Exercise details: Wherever an image appears in the data, omit it and copy all the remaining text word for word.

===== Supplied data

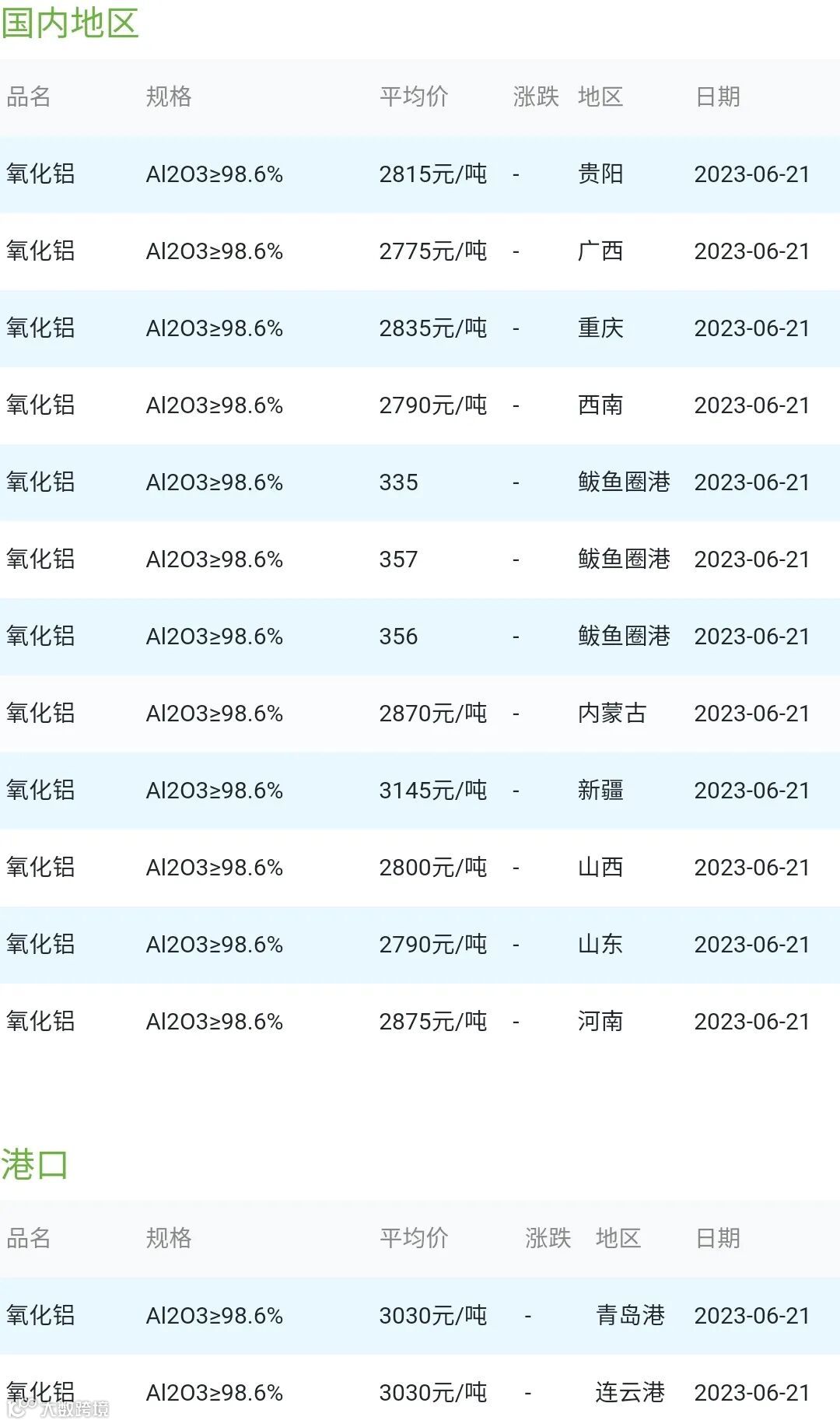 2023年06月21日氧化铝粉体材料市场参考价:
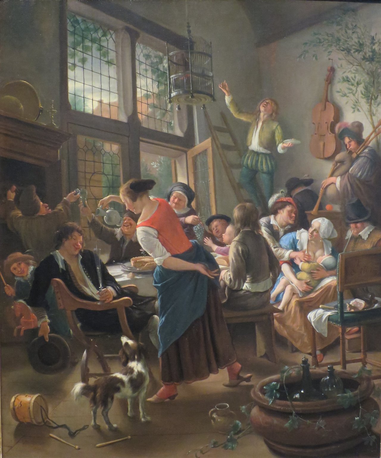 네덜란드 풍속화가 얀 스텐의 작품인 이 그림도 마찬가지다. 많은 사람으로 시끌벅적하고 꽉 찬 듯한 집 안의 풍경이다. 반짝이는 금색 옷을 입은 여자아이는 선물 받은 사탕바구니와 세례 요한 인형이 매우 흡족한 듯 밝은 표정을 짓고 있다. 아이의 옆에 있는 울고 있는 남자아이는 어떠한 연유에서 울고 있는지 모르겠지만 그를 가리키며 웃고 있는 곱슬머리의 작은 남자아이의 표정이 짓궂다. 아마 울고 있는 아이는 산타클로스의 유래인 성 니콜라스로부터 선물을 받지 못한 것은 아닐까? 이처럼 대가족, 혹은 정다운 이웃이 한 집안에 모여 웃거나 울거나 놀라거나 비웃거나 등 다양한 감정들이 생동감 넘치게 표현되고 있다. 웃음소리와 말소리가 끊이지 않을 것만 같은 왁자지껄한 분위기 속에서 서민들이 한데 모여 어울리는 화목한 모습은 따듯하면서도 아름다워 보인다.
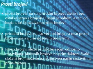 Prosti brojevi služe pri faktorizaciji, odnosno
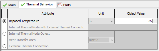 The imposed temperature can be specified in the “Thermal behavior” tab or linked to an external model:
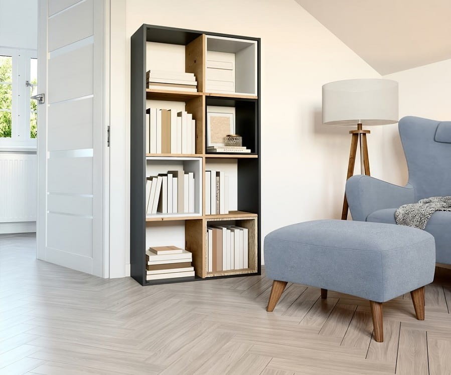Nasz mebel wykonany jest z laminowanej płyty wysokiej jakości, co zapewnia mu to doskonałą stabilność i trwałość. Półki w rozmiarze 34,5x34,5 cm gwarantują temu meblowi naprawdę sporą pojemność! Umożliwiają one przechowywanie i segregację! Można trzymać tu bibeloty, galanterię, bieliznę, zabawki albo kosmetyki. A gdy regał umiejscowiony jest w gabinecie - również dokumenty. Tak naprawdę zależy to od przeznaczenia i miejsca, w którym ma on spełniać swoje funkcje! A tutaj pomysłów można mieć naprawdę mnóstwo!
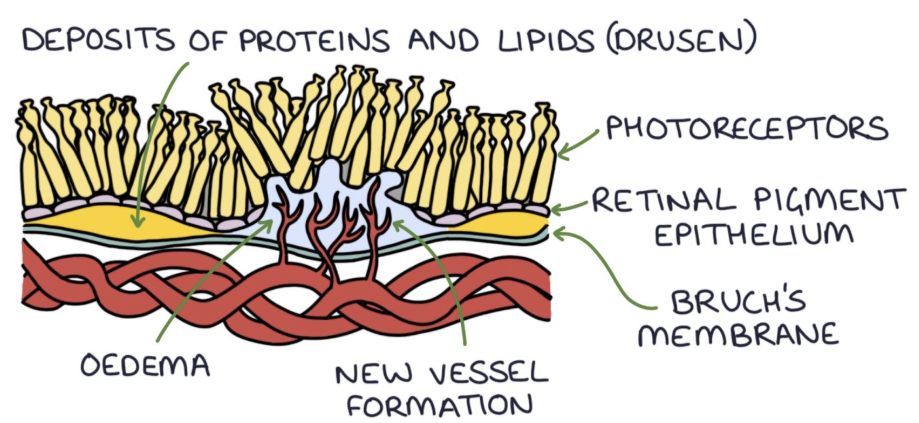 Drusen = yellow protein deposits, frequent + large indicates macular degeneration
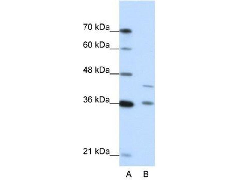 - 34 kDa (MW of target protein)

==========

Response to this task:
 2023年06月21日氧化铝粉体材料市场参考价:
 네덜란드 풍속화가 얀 스텐의 작품인 이 그림도 마찬가지다. 많은 사람으로 시끌벅적하고 꽉 찬 듯한 집 안의 풍경이다. 반짝이는 금색 옷을 입은 여자아이는 선물 받은 사탕바구니와 세례 요한 인형이 매우 흡족한 듯 밝은 표정을 짓고 있다. 아이의 옆에 있는 울고 있는 남자아이는 어떠한 연유에서 울고 있는지 모르겠지만 그를 가리키며 웃고 있는 곱슬머리의 작은 남자아이의 표정이 짓궂다. 아마 울고 있는 아이는 산타클로스의 유래인 성 니콜라스로부터 선물을 받지 못한 것은 아닐까? 이처럼 대가족, 혹은 정다운 이웃이 한 집안에 모여 웃거나 울거나 놀라거나 비웃거나 등 다양한 감정들이 생동감 넘치게 표현되고 있다. 웃음소리와 말소리가 끊이지 않을 것만 같은 왁자지껄한 분위기 속에서 서민들이 한데 모여 어울리는 화목한 모습은 따듯하면서도 아름다워 보인다.
 Prosti brojevi služe pri faktorizaciji, odnosno
 The imposed temperature can be specified in the “Thermal behavior” tab or linked to an external model:
Nasz mebel wykonany jest z laminowanej płyty wysokiej jakości, co zapewnia mu to doskonałą stabilność i trwałość. Półki w rozmiarze 34,5x34,5 cm gwarantują temu meblowi naprawdę sporą pojemność! Umożliwiają one przechowywanie i segregację! Można trzymać tu bibeloty, galanterię, bieliznę, zabawki albo kosmetyki. A gdy regał umiejscowiony jest w gabinecie - również dokumenty. Tak naprawdę zależy to od przeznaczenia i miejsca, w którym ma on spełniać swoje funkcje! A tutaj pomysłów można mieć naprawdę mnóstwo!
 Drusen = yellow protein deposits, frequent + large indicates macular degeneration
 - 34 kDa (MW of target protein)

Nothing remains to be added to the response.